Style Geekery

If you are not a fan of programming and making pretty websites, this is not the post for you. But if you can get really excited about making a website look the SAME in all browsers, this is the post for you! I just successfully added some PHP to my WordPress theme, along with some tiny CSS tweaks, which allowed me to fix the bane of my existence – the extra space or lack of space above the left hand side of this site.

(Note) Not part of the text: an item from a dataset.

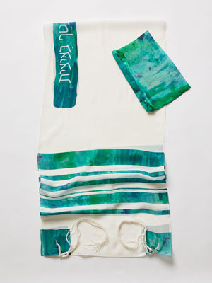 Watercolor stripes in quiet shades of green bring a fresh, contemporary interpretation to traditional tallit designs. This tallit is made from 100% silk crepe de chine, a soft and lightweight fabric that you'll love to drape around your shoulders.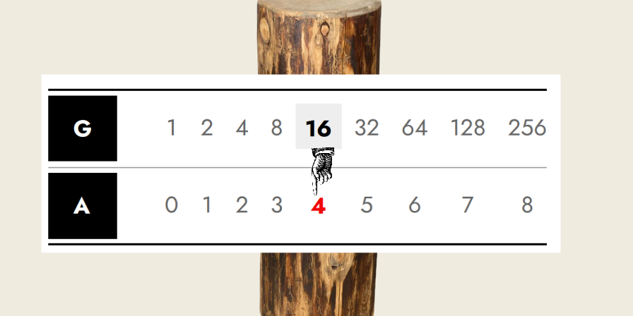 | G | 1 | 2 | 4 | 8 | 16 | 32 | 64 | 128 | 256 |

See, due to stupidity in the CSS rendering engines, my site didn’t look quite the same in every browser. Soooo close, but no cigar. In IE, the space between the headings and the content was too big. In Firefox on the Mac, there was no space at all. But every other browser I tried agreed on the placement that I wanted. And it has always irked me. But I hate the way that browser testing is usually done with CSS – counting on one bug to fix another.

So finally, I spent some time with the Google. I learned about all kinds of mechanisms, both server- and client-side, and found many to just not work. But then I came across this site, where the writer shows some variables that WordPress makes available. His solution is quite elegant, designed specifically for WordPress, and almost perfect.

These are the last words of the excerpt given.